▶ [Exercise]: Only the lines from the one holding "После набора нескольких" to the end of the data should be echoed, exactly as they appear, minus the pictures.

▶ [Data provided]:

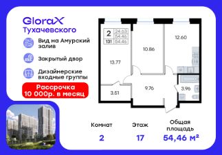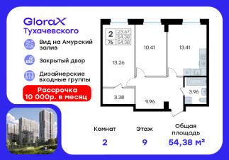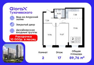 Продается 2-комн. квартира на 21-м этаже в жилом комплексе GloraX Тухачевского — современном проекте нового формата в престижном районе Владивостока. Общая площадь лота составляет 59,64 кв. м, из которых 23,63 кв. м отведено под жилую и 7,38 кв. м под кухонную зону. Номер квартиры - 422.Преимущества квартиры:двухкомнатная квартира, высокий этаж.Преимущества проекта:• Панорамный вид на Амурский залив и зелёные сопки• Удачное расположение и транспортная доступность: Первореченский район, 20 минут до центра города• Закрытая охраняемая территория с доступом только для жителей• Эксклюзивное благоустройство: продуманное зонирование, игровые и спортивные площадки, арт-инсталляция, Тайный сад• Безбарьерная среда, видеонаблюдений, Wi-Fi на территории• Премиальный дизайн входных групп реcепшн и лаунж-зоной• Лапомойки, колясочные и туалеты на первом этаже• Подземный паркинг на 449 машиномест с доступом на лифте с жилых этажей• Индивидуальные кладовые на цокольном этаже от 2 до 10 м2GloraX Тухачевского — это городское пространство нового формата, которое позволяет современным горожанам находить все необходимые атрибуты комфортной жизни внутри своего жилого комплекса. Весь комплекс спроектирован так, чтобы жить здесь было удобно и безопасно: светлые лаунж-зоны и ресепшн на входах в жилые корпуса, эксклюзивный дизайн мест общего пользования и придомовой территории, круглосуточная охрана, видеонаблюдение и даже детский сад в одном из корпусов все, что необходимо современному городскому жителю. GloraX Тухачевского находится в одном из самых престижных районов города с хорошей, давно сформировавшейся инфраструктурой и отличной транспортной доступностью. Отсюда легко добраться до центра города, других районов и даже пригорода как на собственном транспорте, так и на общественном. Квартал имеет прямой выезд на ул. Тухачевского, а рядом с комплексом расположена автобусная остановка на несколько маршрутов.Проект состоит из 3 монолитных корпусов, объединенных единым стилобатом. В комплексе предусмотрены: подземный паркинг с лифтом на жилые этажи, кладовые для хранения, благоустроенный двор без машин, детские и спортивные площадки, зоны для отдыха и прогулок.Эксклюзивный проект благоустройства территории разработан одной из лучших студий ландшафтного дизайна DEREVOPARK с фокусом на комфорт и удобство для всех жителей комплекса.Вся необходимая инфраструктура — магазины, школы, детские сады, остановки общественного транспорта — находится рядом.Узнайте подробности и подберите свою квартиру в GloraX Тухачевского — в отделе продаж уже сегодня.Цена указана при 100% оплате или стандартной ипотеке. Узнайте подробности в Отделе продаж.
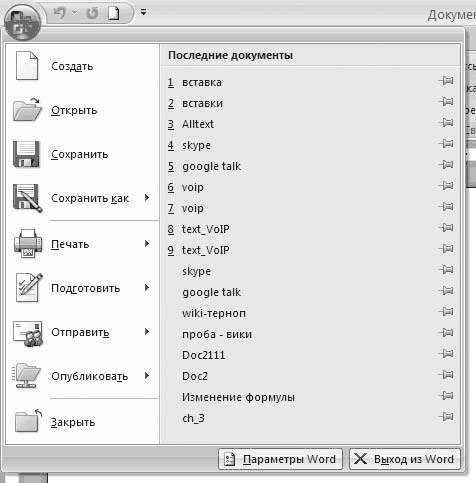 После набора нескольких абзацев текста обязательно сохраните их. Для этого нажмите кнопку Office и выберите в появившемся меню пункт Сохранить (рис. 2.4). В окне Сохранение документа необходимо указать имя и выбрать месторасположение файла в поле Папка (по умолчанию файл сохраняется в папку Мои документы). При сохранении рекомендуется присваивать файлу имя, по которому можно быстро идентифицировать документ.
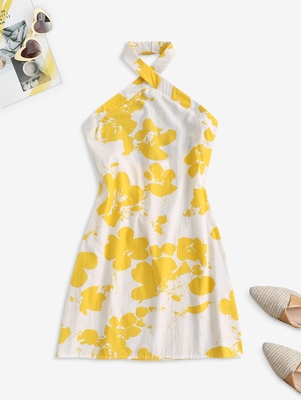 Zaful Style: Cute Occasion: Daily, Vacation Silhouette: A-Line Collar-line: Halter Sleeves Length: Sleeveless Dresses Length: Mini

▶ [Exercise response]:
 После набора нескольких абзацев текста обязательно сохраните их. Для этого нажмите кнопку Office и выберите в появившемся меню пункт Сохранить (рис. 2.4). В окне Сохранение документа необходимо указать имя и выбрать месторасположение файла в поле Папка (по умолчанию файл сохраняется в папку Мои документы). При сохранении рекомендуется присваивать файлу имя, по которому можно быстро идентифицировать документ.
 Zaful Style: Cute Occasion: Daily, Vacation Silhouette: A-Line Collar-line: Halter Sleeves Length: Sleeveless Dresses Length: Mini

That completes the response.